Prof. Zhou found through her research that for those who can’t afford the fines, the government may still force women to undergo sterilization surgery in addition to confiscating whatever assets they can. “They take your pigs, your water buffalo. They take everything so you have nothing,” she says.

Reports still surface of family-planning officials, who are often under intense government pressure to ensure that births in their districts don’t exceed certain quotas, forcing women to have abortions.

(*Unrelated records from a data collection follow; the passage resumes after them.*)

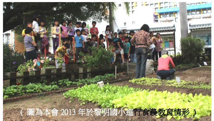
（圖為本會 2013 年於黎明國小進行食農教育情形）

從發想計劃藍圖開始，就以社區工作坊為起點，鼓勵民眾書寫或繪出自己的想法或各種創意構想，經由這種耐心且細緻的過程，讓整個計劃從草創階段，就注滿了在地的需求、夢想和期待，社區投入的動力自然也變得更加強大。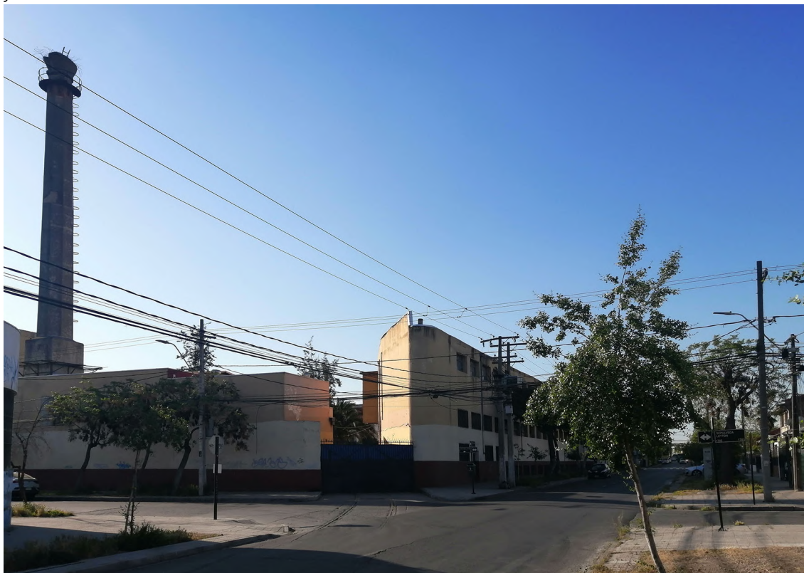
Figura 10. Vista de la Fábrica Central de Leche, desde el acceso de carga, se aprecia la huella de los rieles y el volumen oriente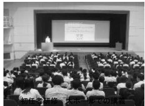
初任者研修 大ホールでの講義

※「指導教員」は、校長の指導の下に、年間指導計画に従い、初任者に対して指導及び助言を行います。中学校、高等学校及び支援学校においては、指導教員の免許教科が初任者の免許と異なる場合は、原則として、初任者の免許教科に応じ、「教科指導員」を置くことになっています。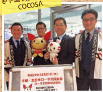
@下通り献血ルーム COCOSA

平日の寒い時期に多くのご協力をいただきました。 全日本ロータス同友会 熊本県支部の皆さま。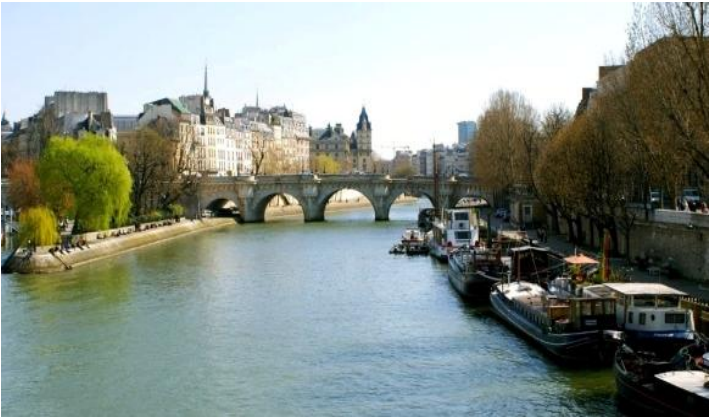
Vue du Pont Neuf

Construit au début du 17 ème siècle, le Pont Neuf est le plus ancien des ponts parisiens. Orné de ses 381 visages grimaçants, pourvu de trottoirs afin de protéger les piétons de la boue et des chevaux et vide de toute habitation et commerce, ce pont constituait à l'époque une grande nouveauté et a gardé le nom qui lui avait été spontanément attribué à l'époque. Il est par ailleurs le premier pont de pierre de Paris à traverser entièrement la Seine et à être découvert. En traversant le pont, vous vous éloignez de l'Île de la Cité pour passer de l'autre côté du fleuve, sur la rive gauche de Paris.

Without discussing the morality of the one-child rule, it’s worth reflecting on the enormity of its consequences. Nothing on this scale has been attempted in human history and the societal effects of eliminating the extended family—overnight—are likely to be bigger and more far-reaching than we can imagine.

Consider: A relatively traditional society that, in the course of 40 years, completely atomizes the individual by fiat. There are, literally, no brothers or sisters, no aunts or uncles. People will forget what those relationships even mean. The population, after expanding for hundreds of years, will collapse in size. Each worker will be forced to support two pensioners. The one-child policy is the great under-reported story of our time.

For those interested in getting their arms around the subject, Nick Eberstadt’s 2004 essay “Power and Population in Asia” is an excellent start.